Сейчас, вспоминая эту сцену, Нина улыбнулась, подумала благодарно о Мите: «Он Сандра в обиду не даст».
Где он теперь, где?
Маквала, стараясь отвлечь Нину от мрачных мыслей, говорила утром осуждающе:
— Ну перестань пугать себя, невеста севера!
Нина печально улыбалась. Это ее так назвали в Тифлисе горожане.
Маквала уходила, а Нина — в какой, уж раз! — доставала из своего «ковчега свободы» письма Сандра, перечитывала их.

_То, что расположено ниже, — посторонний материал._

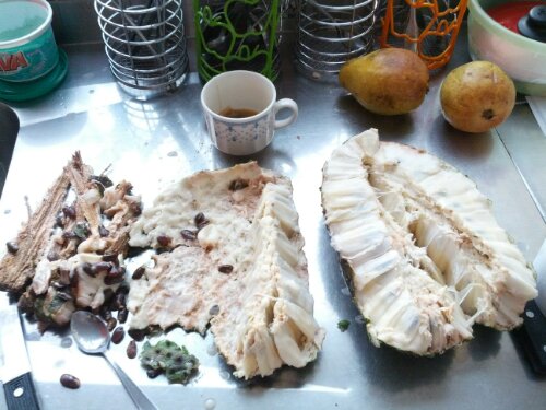 The second time I saw it, was at home, seeing it when it was dissected, with all the seeds and the interior structure. I was shocked to know that it was actually a Custard apple! A Custard apple that comes from the giant tropics! Really impressed.

От Тавриза до Тегерана двадцать станций-мензилей, около семисот верст. И почти с каждой станции Сандр прислал ей большое письмо. Он описывает все, что видит: селение Миана, что «славится коврами и клопами», развалины другого селения — Кыз-Кале, означающее «Девичья крепость». «Здесь я узнал восточную разновидность истории Жанны д'Арк».
Башни Зенгана, деревню Султанис с ее знаменитыми развалинами мечети — из двенадцати минаретов уцелели только три.
«А ты бы посмотрела на жалкие деревни, которые мы проезжаем! Они обнесены стеной, за которую на ночь загоняют стада. Сколько здесь владельцев лишь „одной ноги верблюда“. Жилье — мазанки без окон и дверей. Еще хуже, чем мы видели в тобой у Крушвили.
Ямку, в которой пекут хлеб, они на ночь прикрывают ветошью, всовывают ноги под нее и так спят. Полно больных трахомой.
Я видел умиравших от голода, пытался спасти их и не мог.
Их грабят свои же войска; сыновья шаха, женясь в 12–13 лет, получают „жирные куски“ земель; староста-кетхуда, беки, ханы сдирают налоги и подати для содержания гаремов, для пиров, охот.
Не гнушаются ничем: облагают податями солому и травы, взимают „проездные“ и здесь же продают отнятое самим ограбленным крестьянам; требуют доставлять даже помет и степные колючки. А за свой труд на земле се-ек-бара (помещика) крестьянин получает 2/15 урожая.
Воистину великой терпеливостью обладает персидский труженик!
У меня все время такое ощущение, словно я вижу издали неплохие театральные декорации города, селения. А подъезжая ближе, убеждаюсь в обмане зрения: лишь грязь, запустение, нищета».
А вот его девятое письмо. Александр написал его 24 декабря, в сочельник, и послал из Казвина, откуда ему с величайшим трудом удалось вернуть домой восьмилетнюю девочку-пленницу.
«Душенька, — писал он. — Завтра мы отправляемся в Тейран, до которого отсюда четыре дня езды…»
Нина пыталась представить себе Тейран за Кафланскими горами и не могла, одно только знала — это далекое, чужое, и там ее Сандр будет без нее. Он как-то писал, что в иные дни приходится верхом делать по 80 верст. Наверно, так устает, что и есть не хочется, и падает к ночи в постель замертво.
В Персии установилась на редкость суровая зима. Нина носила шубку — катиби. Даже в Тавризе выпал глубокий снег, на улицах жгли костры, и возле них грелись люди в рубищах, а в домах тоже дрожали от холода, укрывались накидками из верблюжьей шерсти.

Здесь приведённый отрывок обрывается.